— Data provided —
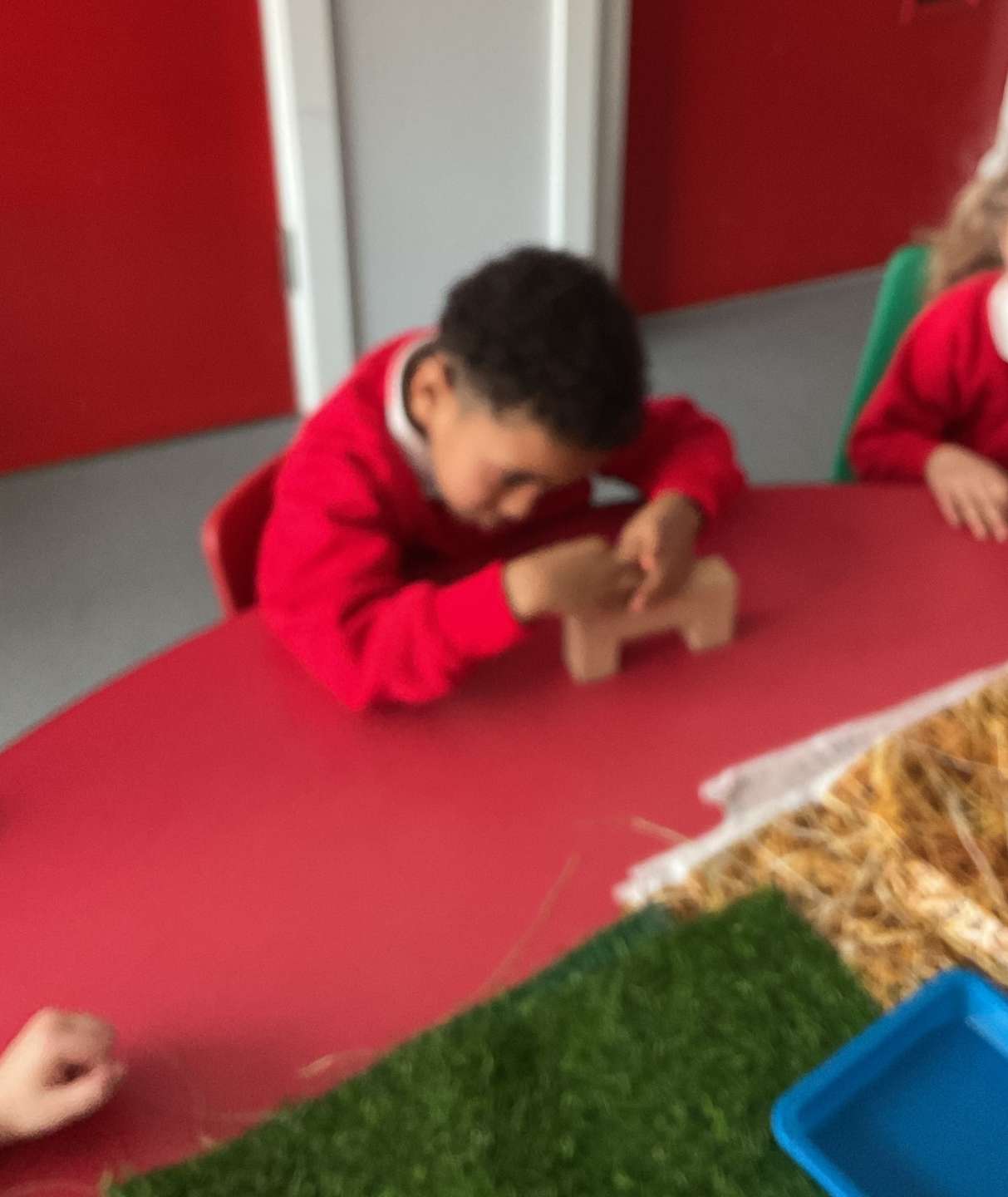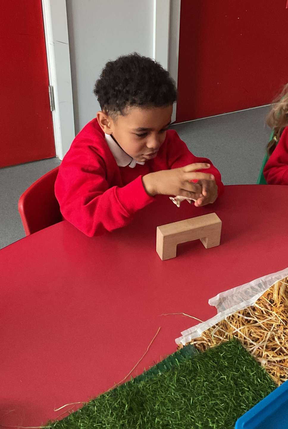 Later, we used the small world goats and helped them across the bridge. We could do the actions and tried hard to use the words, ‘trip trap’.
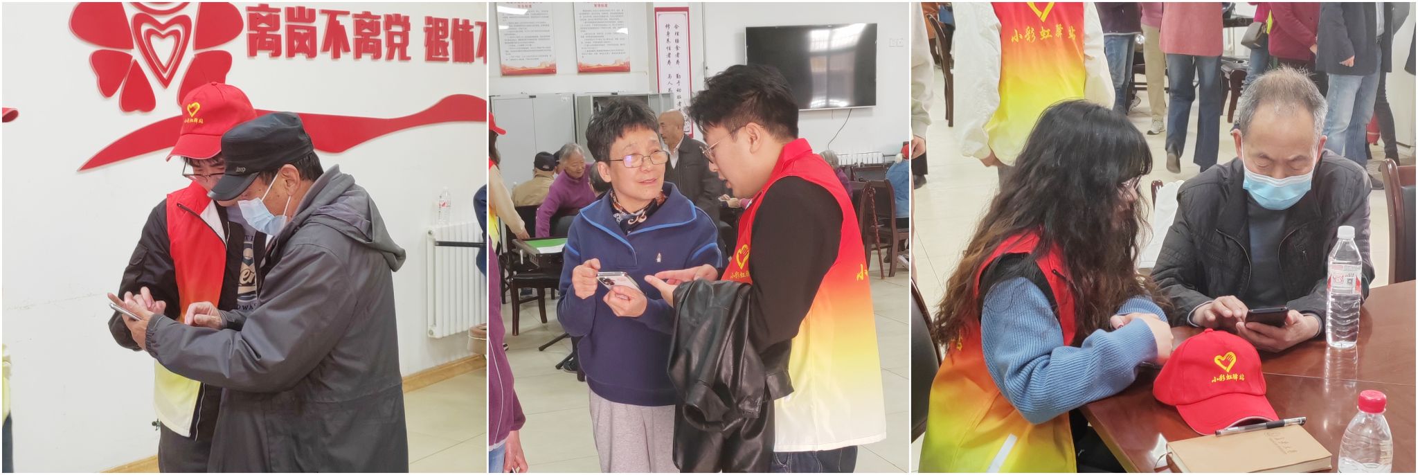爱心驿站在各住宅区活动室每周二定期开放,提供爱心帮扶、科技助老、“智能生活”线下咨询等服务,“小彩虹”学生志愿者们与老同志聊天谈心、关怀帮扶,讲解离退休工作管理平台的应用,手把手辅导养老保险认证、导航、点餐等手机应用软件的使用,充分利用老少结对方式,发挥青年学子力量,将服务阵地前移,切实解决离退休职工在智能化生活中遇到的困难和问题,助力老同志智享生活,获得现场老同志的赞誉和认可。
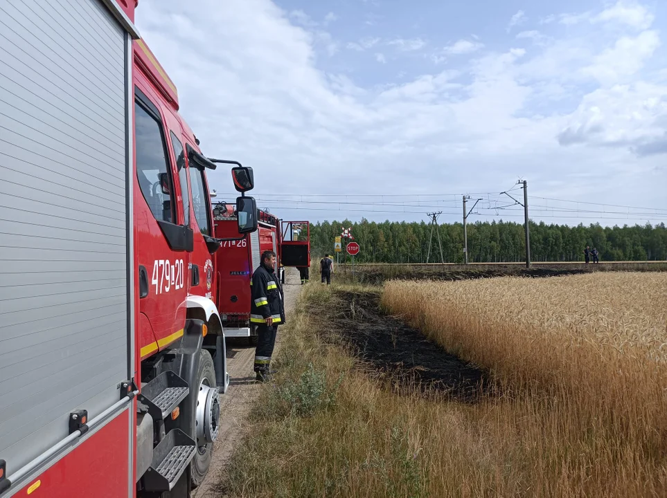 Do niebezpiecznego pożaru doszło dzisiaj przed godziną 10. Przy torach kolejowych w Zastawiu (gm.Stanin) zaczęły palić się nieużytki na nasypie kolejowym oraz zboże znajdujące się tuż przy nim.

— Instructions for the task —
Write down exactly the lines running from the line with "爱心驿站在各住宅区活动室每周" through the end of the material, both ends included, and none of the pictures.

— Your response —
爱心驿站在各住宅区活动室每周二定期开放,提供爱心帮扶、科技助老、“智能生活”线下咨询等服务,“小彩虹”学生志愿者们与老同志聊天谈心、关怀帮扶,讲解离退休工作管理平台的应用,手把手辅导养老保险认证、导航、点餐等手机应用软件的使用,充分利用老少结对方式,发挥青年学子力量,将服务阵地前移,切实解决离退休职工在智能化生活中遇到的困难和问题,助力老同志智享生活,获得现场老同志的赞誉和认可。
 Do niebezpiecznego pożaru doszło dzisiaj przed godziną 10. Przy torach kolejowych w Zastawiu (gm.Stanin) zaczęły palić się nieużytki na nasypie kolejowym oraz zboże znajdujące się tuż przy nim.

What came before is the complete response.